Starting with the line that holds "怒打綠民/二○○四年三月二十" and stopping after the line that holds "Картина была нарисована", repeat the lines below word for word, without the pictures.

▶ [THE DATA]
========

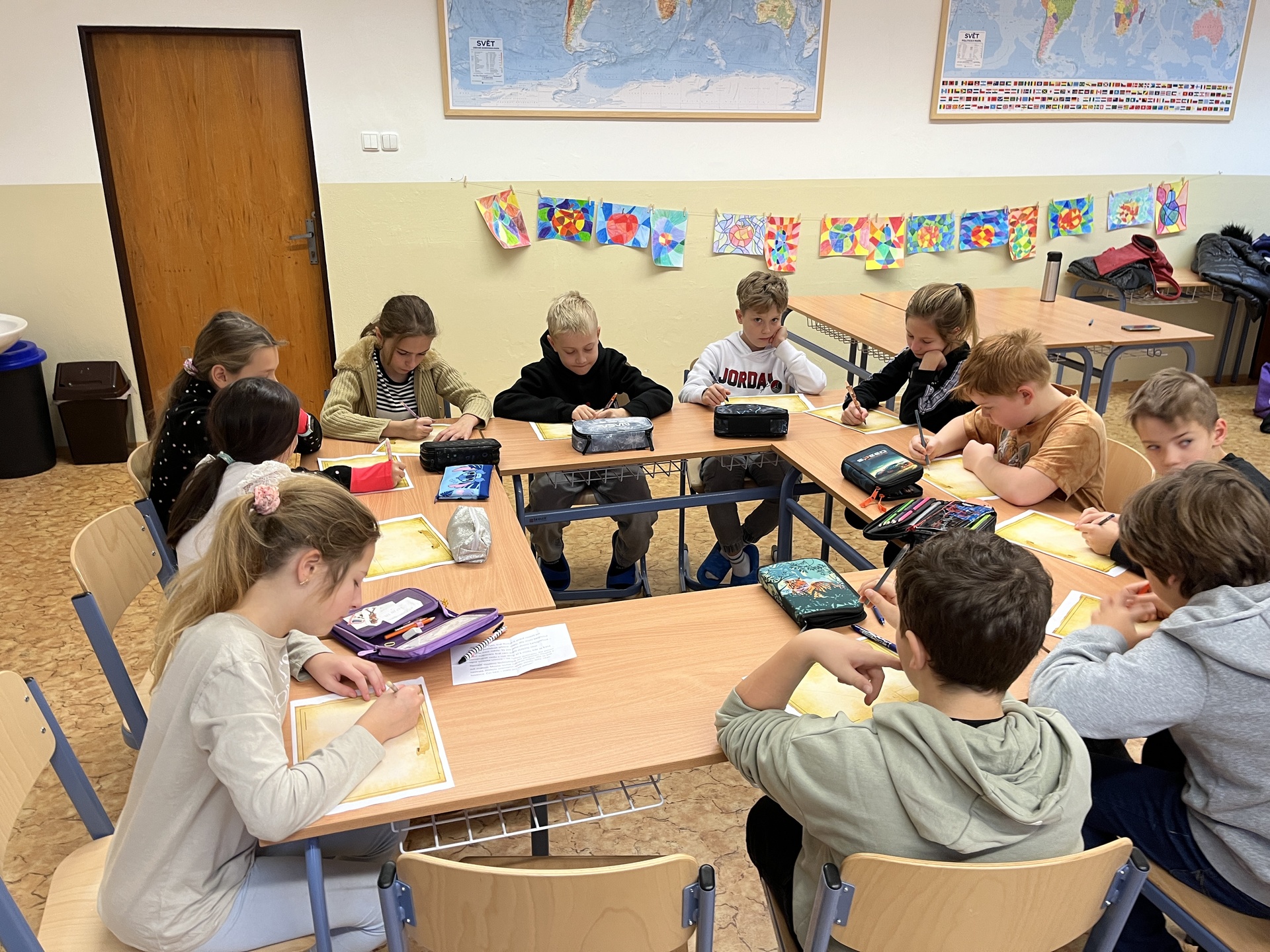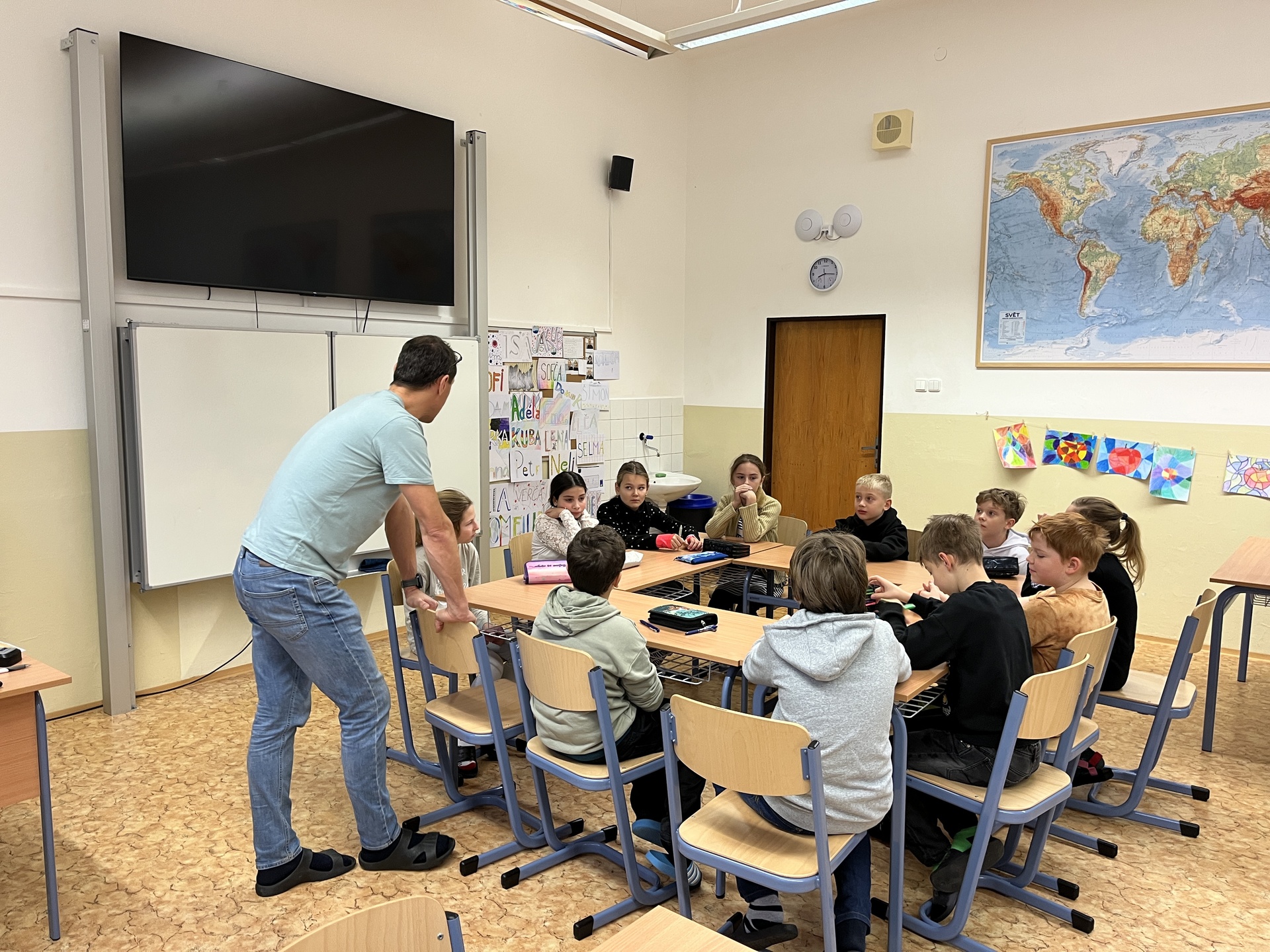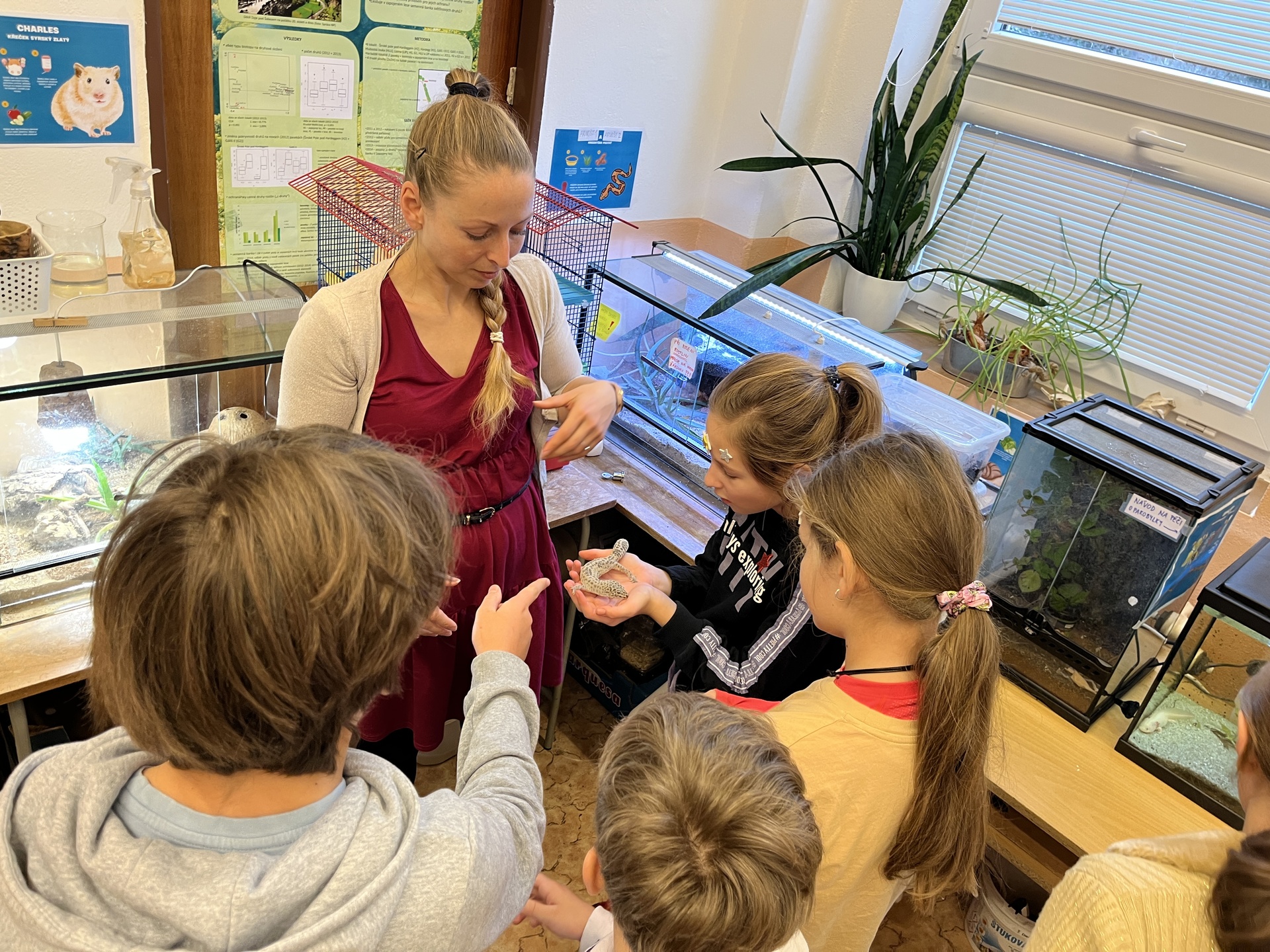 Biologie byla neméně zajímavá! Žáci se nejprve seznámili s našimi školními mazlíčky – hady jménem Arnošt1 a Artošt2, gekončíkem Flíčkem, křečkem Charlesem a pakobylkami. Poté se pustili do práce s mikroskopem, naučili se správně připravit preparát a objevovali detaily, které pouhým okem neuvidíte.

========

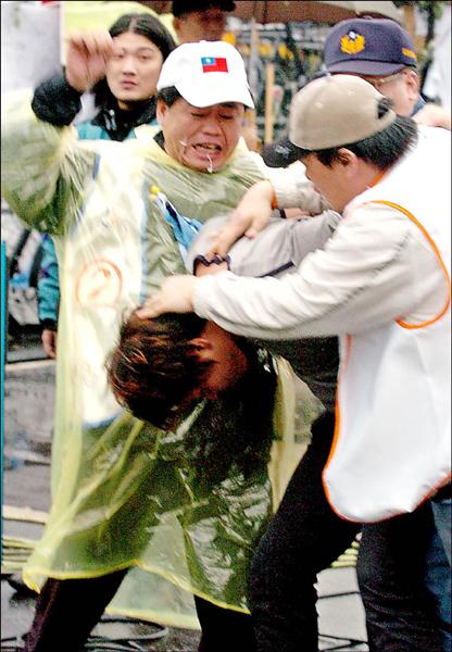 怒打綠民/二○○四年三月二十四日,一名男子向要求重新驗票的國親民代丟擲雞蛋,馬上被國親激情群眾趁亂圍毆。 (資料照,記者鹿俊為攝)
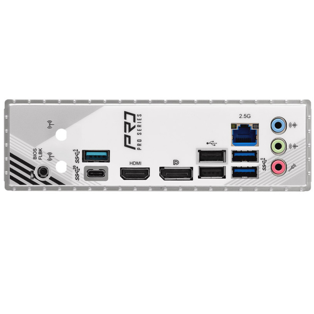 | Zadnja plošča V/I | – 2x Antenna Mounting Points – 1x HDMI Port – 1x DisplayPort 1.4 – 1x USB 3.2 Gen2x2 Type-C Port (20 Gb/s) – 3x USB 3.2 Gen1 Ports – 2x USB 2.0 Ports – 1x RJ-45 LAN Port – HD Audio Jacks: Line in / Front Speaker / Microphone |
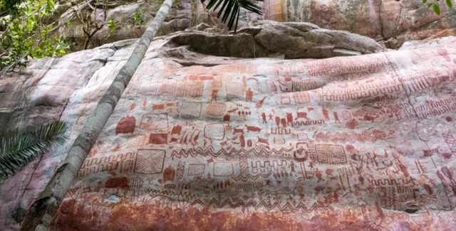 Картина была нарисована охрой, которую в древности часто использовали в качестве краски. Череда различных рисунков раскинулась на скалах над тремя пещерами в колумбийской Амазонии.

========

▶ [RESULT OF THIS EXERCISE]
 怒打綠民/二○○四年三月二十四日,一名男子向要求重新驗票的國親民代丟擲雞蛋,馬上被國親激情群眾趁亂圍毆。 (資料照,記者鹿俊為攝)
 | Zadnja plošča V/I | – 2x Antenna Mounting Points – 1x HDMI Port – 1x DisplayPort 1.4 – 1x USB 3.2 Gen2x2 Type-C Port (20 Gb/s) – 3x USB 3.2 Gen1 Ports – 2x USB 2.0 Ports – 1x RJ-45 LAN Port – HD Audio Jacks: Line in / Front Speaker / Microphone |
 Картина была нарисована охрой, которую в древности часто использовали в качестве краски. Череда различных рисунков раскинулась на скалах над тремя пещерами в колумбийской Амазонии.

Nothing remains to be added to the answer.